The usage of vector sonography is a rather young technique with great potential to improve treatment of cardiovascular patients. The current clinical use-case of quantifying the WSS in carotid arteries is a first step of improving one of the most commonly used radiological modalities [35]. Its application in a benchtop setting offers great opportunities to analyze anatomical structures, which are not easily accessible in a clinical setting. Compared to the 4D-Flow MRI, vector ultrasound allows a much closer analysis of small cardiovascular structures and flow phenomena, like vortices at the aortic valve. In this study, motion artefacts were presented, especially during the diastolic phase, which might be caused by the reflective nature of the 3D-printed material. During the systolic phase, no artifacts were visible, allowing for a precise analysis of the flow conditions in the ROI. The observed vortices for both the mechanical and bioprosthetic valves match closely to the previously described hemodynamics caused by the different designs [36]. The mechanical valves show three distinct forward jets with small recirculation zones distal to the valvular plane, while the bioprosthetic valves display one larger central forward jet with counter-rotating recirculation areas surrounding the central jet. The design improvements from the Perimount to the Magna Ease valve could be partially confirmed in the quantitative analysis. The Magna Ease, which is designed to have a smaller sewing ring and therefore larger EOA has lower WSS in the aortic root, whereas the Perimount valve shows a slightly higher velocity at the aortic arch.

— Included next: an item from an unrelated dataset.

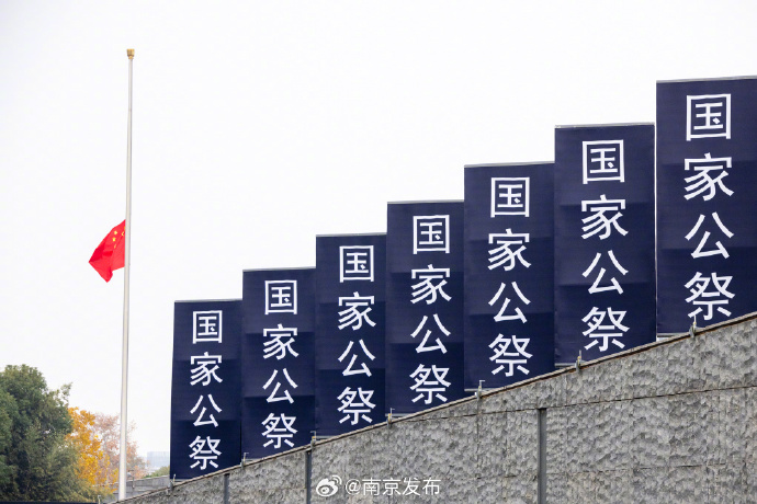 我们为南京大屠杀死难同胞下半旗志哀。

The biggest difference in the parameters derived from MRI and ultrasound is the WSS, especially in the aortic root. Vector ultrasound presents consistently higher WSS values, reaching a tenfold higher value for the On-X mechanical valve. These WSS values are much closer to values derived from CFD analyses of the aortic arch [37, 38]. The difference could also be explained by the different measurement techniques employed by MRI and vector ultrasound. MRI using an interpolation of velocity vectors along a circumferential contour, while vector ultrasound uses singular points in the longitudinal axis of the aortic wall.

Limitations

While this study presents in-vitro results that are comparable to clinical data, there are still a few limitations to the setting. Firstly, the flexible material used for the anatomical aortic arch does not offer the same mechanical properties as a native human aorta. The fixed wall thickness and linear elastic behavior of the material are clear limitations. Furthermore, as described in the discussion, the geometry of the arch has an additional impact on the hemodynamic parameters. To minimize the effects of these three aspects, we decided to use the same arch design for all valves to properly compare them, nevertheless, this is an aspect that has to be taken into account when evaluating the collected data. Additionally, the presented model is lacking coronary perfusion. Due to the mechanical properties of the printing material, inclusion of coronary vessels would have led to an unnatural enlargement of the aortic root, which was previously described by other research groups as well. Secondly, although vector ultrasound presents a promising technique to analyze hemodynamic effects in the cardiovascular system, the technique is still rather new and requires further improvements to become a staple in the clinical field. Especially the limited depth of the ROI window represents a limitation when analyzing the aorta, since there is no possibility to examine the entire cross-section at once. Finally, this pilot-study lacks the comparison to measurements in a real-life patient, which is a clear limitation.

Conclusion

Combining novel radiological imaging modalities with 3D-printed anatomical models offer great possibilities to further improve the in-vitro analysis of the hemodynamic effects of medical implants. This will be a valuable addition to a more patient-oriented medicine that can prevent patient-prosthesis mismatch and reduce overall complication rate through the usage of patient-specific anatomies in the mock circulatory loop. This study presents a first pilot study, which will lead to further research projects, focusing on the analysis of other cardiovascular implants, as well as the impact of specific anatomical configurations on the hemodynamic.